Towards the end of “Magical Dinners” Lee contemplates why he, his sister, and conceivably his parents, were eager to sample American dishes in spite of their distinct contrast to Korean cuisine (72). He decides that American fare represented “. . . food without association, unlinked to any past; it’s food that fixes us to this moment only, to this place we hardly know” (“Magical Dinners” 72). The truth of Elijah’s life in Zarephath resonates in Lee’s account. In his exiled state, Elijah, too, was physically detached from home and the past. Whereas in America, Lee and his family had the opportunity to evoke memories of Korea through every bite of his mother’s cooking, Elijah was not privileged with a similar situation in Zarephath. However, by feeding Elijah the Widow bestowed upon him acceptance which as someone living in exile would not have felt. The flavor of the Phoenician food & water, while alien to his tongue, granted Elijah his first intimate interaction with this foreign environment, such as Lee thoughtfully acknowledged: “. . . it’s food that fixes us . . . to this place we hardly know” (“Magical Dinners” 72).

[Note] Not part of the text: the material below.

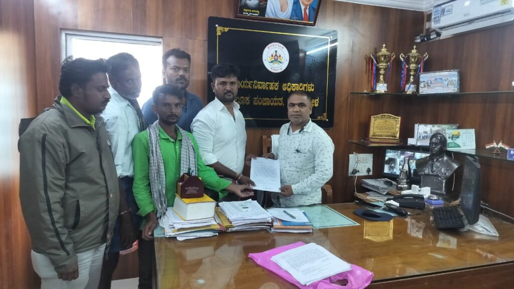 ಪೋಟೋ: ತಾಲ್ಲೂಕಿನ ಮುಳ್ಳಹಳ್ಳಿ ಗ್ರಾಮದ 14 ಕುಟುಂಬದ ನೀರಾಶ್ರೀತರು ತಾ ಪಂ ತೆರಳಿ ತಾ ಪಂ ಇಓ ಜಗದೀಶ ಕಮ್ಮಾರ ಅವರಿಗೆ ಹಾಗೂ ಪೋಲಿಸ್ ಠಾಣೆಗೆ ಹಾಗೂ ಯರಗುಪ್ಪಿ ಗ್ರಾಮ ಪಂಚಾಯತಿ ಯವರಿಗೆ ಪ್ರತಿಭಟನೆ ಮಾಡುವದಾಗಿ ಮನವಿ ಸಲ್ಲಿಸಿದರು.

While there are remarkable acts of faith evident in 1 Kings 17, the gift of hospitality shown by a humble woman to a stranger is conceivably why the story still continues to be meaningful for a twenty-first century audience. Even though, God instructs his prophet, Elijah to go to the pagan city of Zarephath because “behold, I have commanded a widow woman there to sustain thee”, could it be that an ordinary woman was chosen because she was already demonstrating extraordinary deeds of kindness to strangers (1 Kings 17:9)? If so, the Widow is not an unmemorable character in this narrative; she is extraordinary.

NOTE: The title is taken from the chapter of the same name, “The Kindness of Strangers” in Rabbi Jonathan Sacks, To Heal a Fractured World: The Ethics of Responsibility (New York: Schocken Books, 2005).

Works Cited

The Bible. [King James Version]

Lee, Chang-Rae. “Coming Home Again.” Contemporary Creative Nonfiction: I & Eye. Ed. Minh Nguyen and Porter Shreve. New York: Pearson Education, 2005. 95-102.

____________. “Magical Dinners: An Immigrant Thanksgiving.” The New Yorker. 22 November 2010: 69-73.

Neumark, Heidi. “The Widow’s Hand.” The Christian Century. 117.26 (Sept 27, 2000): 943-44.

Sacks, Rabbi Jonathan. To Heal a Fractured World: The Ethics of Responsibility. New York: Schocken Books, 2005.